- Opening Delimiter -
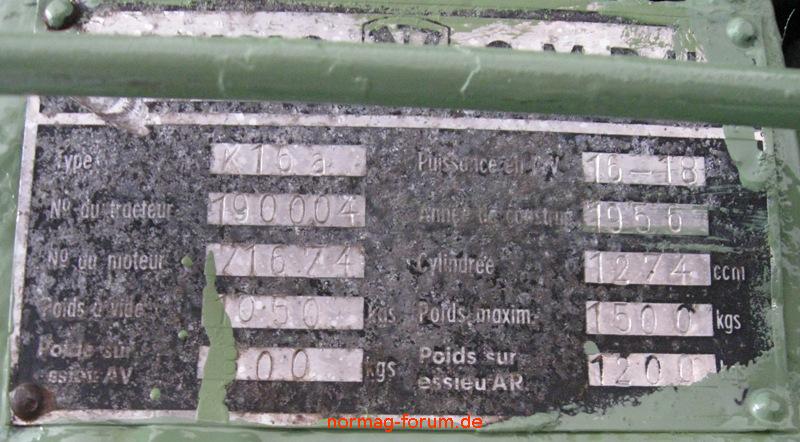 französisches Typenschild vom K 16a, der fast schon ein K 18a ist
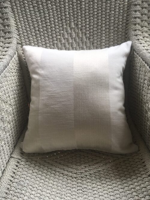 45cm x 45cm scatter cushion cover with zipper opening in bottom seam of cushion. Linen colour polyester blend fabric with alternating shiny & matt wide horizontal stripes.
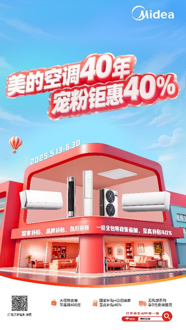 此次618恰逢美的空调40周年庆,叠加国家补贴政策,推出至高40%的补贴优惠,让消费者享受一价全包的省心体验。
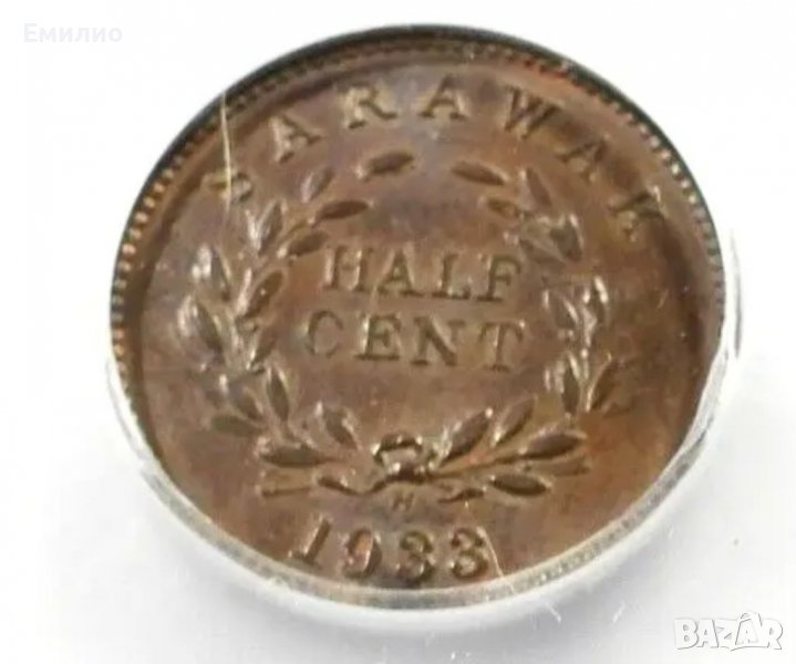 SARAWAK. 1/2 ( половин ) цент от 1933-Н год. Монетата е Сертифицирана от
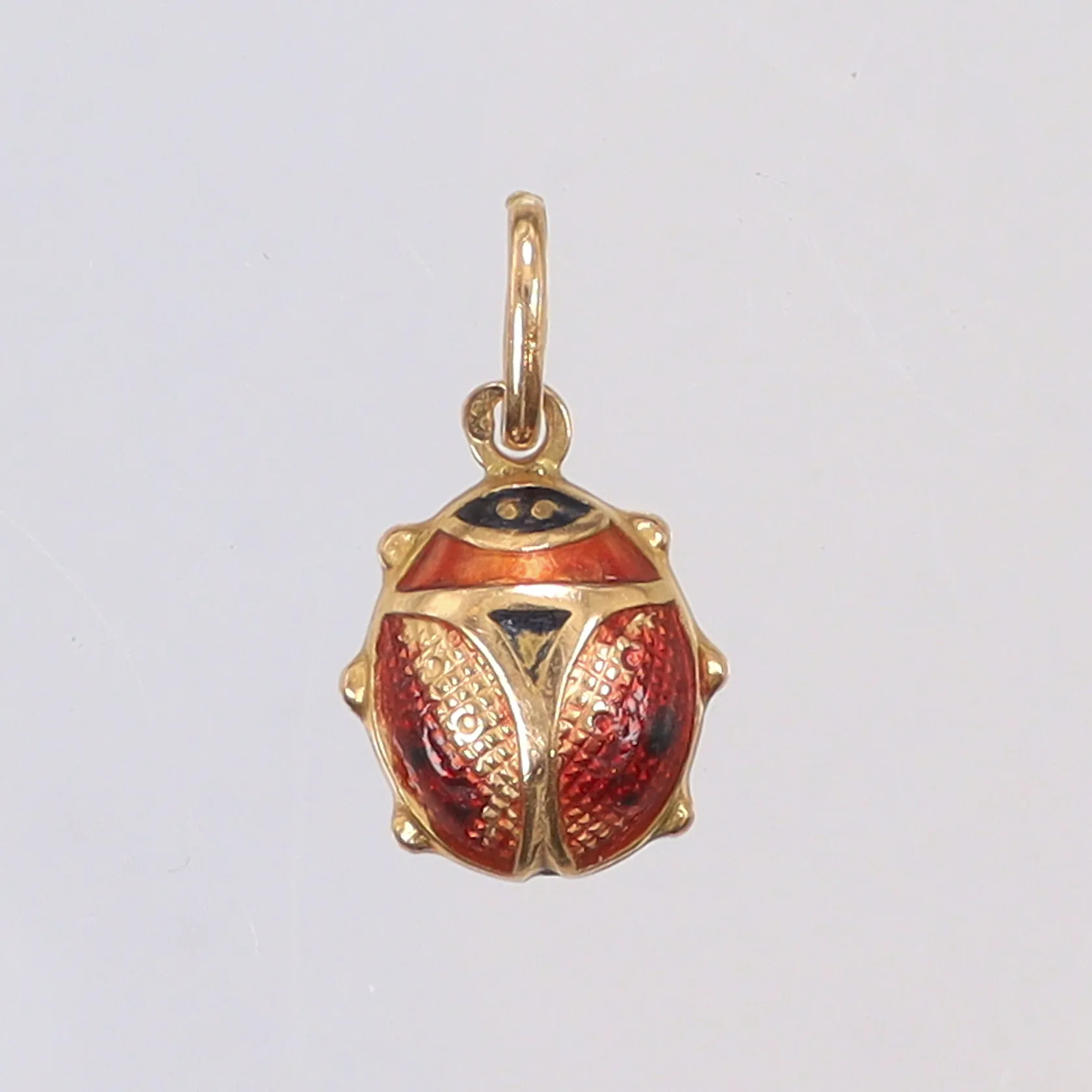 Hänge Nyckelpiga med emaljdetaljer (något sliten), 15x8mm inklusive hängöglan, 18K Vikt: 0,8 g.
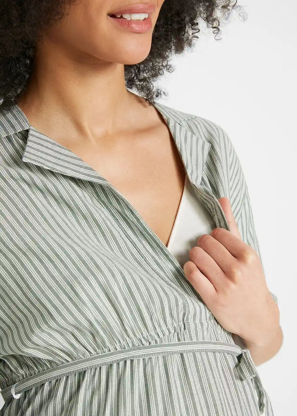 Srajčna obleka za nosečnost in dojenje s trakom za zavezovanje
- Closing Delimiter -
§ BRIEF: Each entry above should be printed again word for word, with any picture dropped.

§ OUTPUT OF THE EXERCISE:
 französisches Typenschild vom K 16a, der fast schon ein K 18a ist
 45cm x 45cm scatter cushion cover with zipper opening in bottom seam of cushion. Linen colour polyester blend fabric with alternating shiny & matt wide horizontal stripes.
 此次618恰逢美的空调40周年庆,叠加国家补贴政策,推出至高40%的补贴优惠,让消费者享受一价全包的省心体验。
 SARAWAK. 1/2 ( половин ) цент от 1933-Н год. Монетата е Сертифицирана от
 Hänge Nyckelpiga med emaljdetaljer (något sliten), 15x8mm inklusive hängöglan, 18K Vikt: 0,8 g.
 Srajčna obleka za nosečnost in dojenje s trakom za zavezovanje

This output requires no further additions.